(WORK REQUIRED) Extract the whole listing as it stands. Do not include the pictures.

(MATERIAL PROVIDED)
= Beginning of Section =
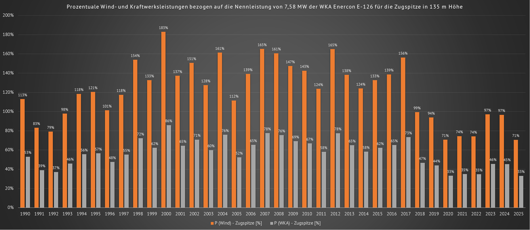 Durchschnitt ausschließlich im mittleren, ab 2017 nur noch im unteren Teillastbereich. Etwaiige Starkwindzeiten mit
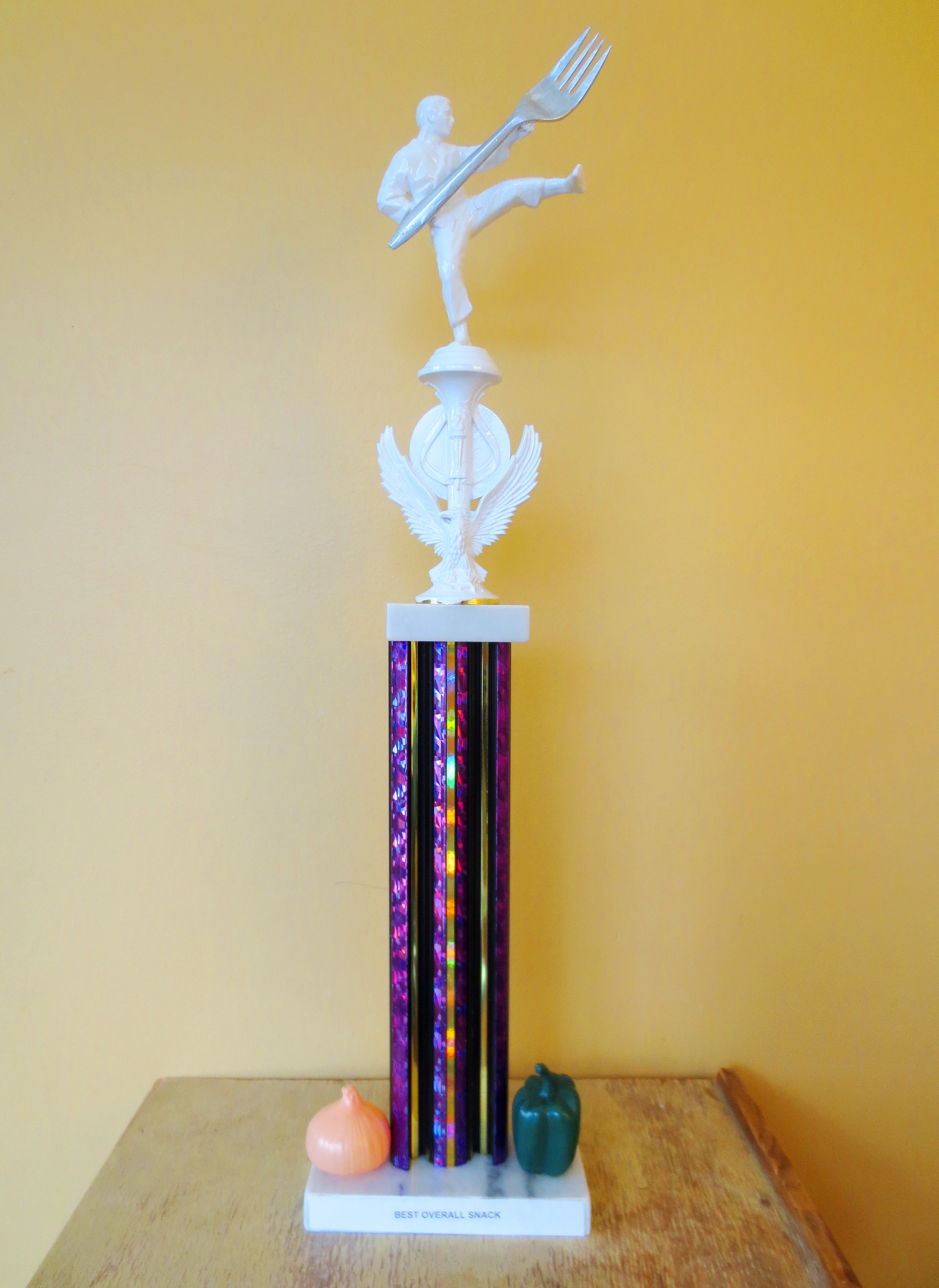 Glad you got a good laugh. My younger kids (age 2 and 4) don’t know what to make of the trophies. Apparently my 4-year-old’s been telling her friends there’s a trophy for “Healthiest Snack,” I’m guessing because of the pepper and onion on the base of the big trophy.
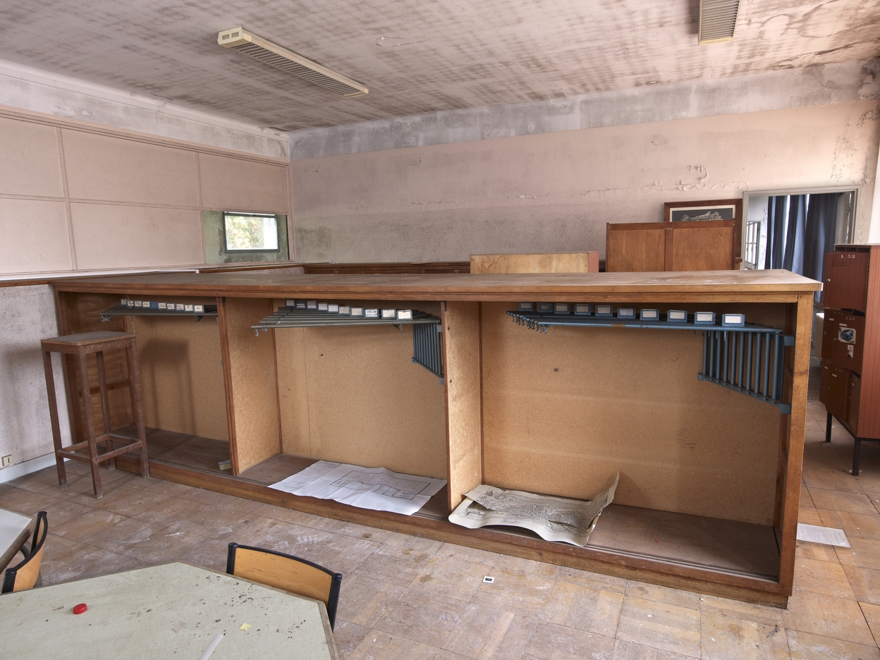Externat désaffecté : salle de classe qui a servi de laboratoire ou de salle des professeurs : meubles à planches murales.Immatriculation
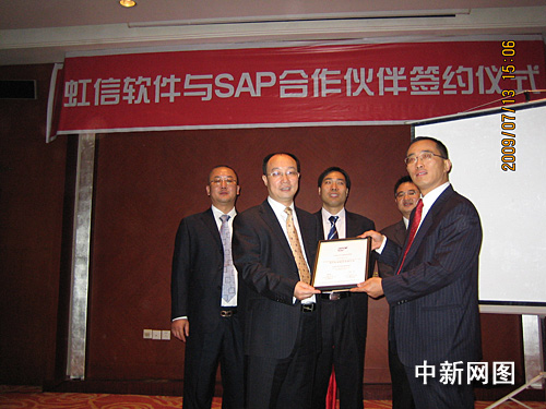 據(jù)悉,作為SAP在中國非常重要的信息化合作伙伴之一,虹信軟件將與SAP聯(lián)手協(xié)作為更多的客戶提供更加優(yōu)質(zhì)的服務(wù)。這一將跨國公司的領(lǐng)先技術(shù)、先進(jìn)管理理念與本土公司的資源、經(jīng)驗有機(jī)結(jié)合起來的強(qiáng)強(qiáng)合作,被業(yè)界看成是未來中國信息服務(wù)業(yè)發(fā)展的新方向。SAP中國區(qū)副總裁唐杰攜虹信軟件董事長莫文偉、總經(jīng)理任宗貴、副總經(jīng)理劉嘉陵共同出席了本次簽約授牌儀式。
= End of Section =
(RESULT OF THE TASK)
 Durchschnitt ausschließlich im mittleren, ab 2017 nur noch im unteren Teillastbereich. Etwaiige Starkwindzeiten mit
 Glad you got a good laugh. My younger kids (age 2 and 4) don’t know what to make of the trophies. Apparently my 4-year-old’s been telling her friends there’s a trophy for “Healthiest Snack,” I’m guessing because of the pepper and onion on the base of the big trophy.
Externat désaffecté : salle de classe qui a servi de laboratoire ou de salle des professeurs : meubles à planches murales.Immatriculation
 據(jù)悉,作為SAP在中國非常重要的信息化合作伙伴之一,虹信軟件將與SAP聯(lián)手協(xié)作為更多的客戶提供更加優(yōu)質(zhì)的服務(wù)。這一將跨國公司的領(lǐng)先技術(shù)、先進(jìn)管理理念與本土公司的資源、經(jīng)驗有機(jī)結(jié)合起來的強(qiáng)強(qiáng)合作,被業(yè)界看成是未來中國信息服務(wù)業(yè)發(fā)展的新方向。SAP中國區(qū)副總裁唐杰攜虹信軟件董事長莫文偉、總經(jīng)理任宗貴、副總經(jīng)理劉嘉陵共同出席了本次簽約授牌儀式。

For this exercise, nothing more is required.